Financial advisers who gathered to hear figures in the asset management industry impart their best investment ideas for the year ahead were given a surprising tip by one prominent hedge fund manager: Bitcoin.

Michael Novogratz, co-chief investment officer of macro funds at the $55bn Fortress Investment Group, used a panel discussion on the prospects for emerging markets to trumpet the much-hyped digital currency, which he said could be used as a cheaper way of transferring money in countries with weak banking systems.

And even if it doesn't, he said, there could be money to be made from a Bitcoin bubble along the way.

Speaking after his appearance at the UBS Wealth Management CIO Global Forum in New York, Mr Novogratz said that he and another Fortress colleague had taken personal positions in the yo-yoing currency three months ago.

Fortress itself looked at the idea. The market capitalisation of the entire stock of Bitcoin in existence is $2.2bn, and Fortress decided it was too speculative an investment for its own funds.

Bitcoin was launched in 2009 by an unknown computer scientist as an alternative to government-backed currencies, and the stock of "coins" is limited and grows only according to a predetermined algorithm.

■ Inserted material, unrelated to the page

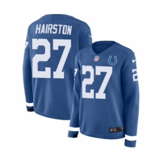 >Women's Nike Indianapolis Colts #27 Nate Hairston Limited Blue Therma Long Sleeve NFL Jersey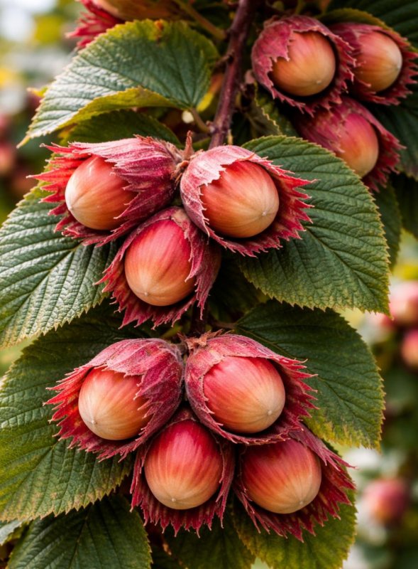 Syrena je moderní odrůda s velkými kulovitými oříšky v tenké skořápce a chutným jádrem, vhodná k přímé konzumaci i zpracování.

Its value is untethered to anything except speculators' belief in its future growth.

"Will more and more merchants allow you to buy stuff with Bitcoin? We'll see. My gut is yes, but you don't need to know that to make a bet," Mr Novogratz explained on the conference sidelines.

"There are enough libertarian . . . [anti] government guys to at least make this a bubble."

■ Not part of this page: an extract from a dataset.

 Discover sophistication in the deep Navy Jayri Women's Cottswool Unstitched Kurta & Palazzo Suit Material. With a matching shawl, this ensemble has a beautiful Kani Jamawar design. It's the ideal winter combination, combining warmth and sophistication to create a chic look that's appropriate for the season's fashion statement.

The price of Bitcoin has soared since the US Department of Justice moved to shut Silk Road, an online marketplace for drugs and other contraband, earlier this month.

Entrepreneurs who are trying to build businesses based on Bitcoin, and who are seeking regulation as legitimate money transfer businesses, welcomed the raid as an important step in Bitcoin's evolution from an underground currency to a possibly disruptive payments technology.

Bitcoin was trading at $124 before the raid and was $206 on Thursday.

Mr Novogratz may be the most prominent Wall Street figure to admit to dabbling in Bitcoin. Before joining Fortress in 2002, he spent 11 years at Goldman Sachs, and he is a member of the New York Federal Reserve's investment advisory committee on financial markets.

He declined to reveal how much he had spent on Bitcoin but said: "Enough that I am smiling that it has doubled."

Bitcoin's other investors include the Winklevoss twins, who are also trying to launch an exchange traded fund backed by the currency. Venture capital firms have preferred to invest in entrepreneurs building Bitcoin businesses, rather than the currency itself.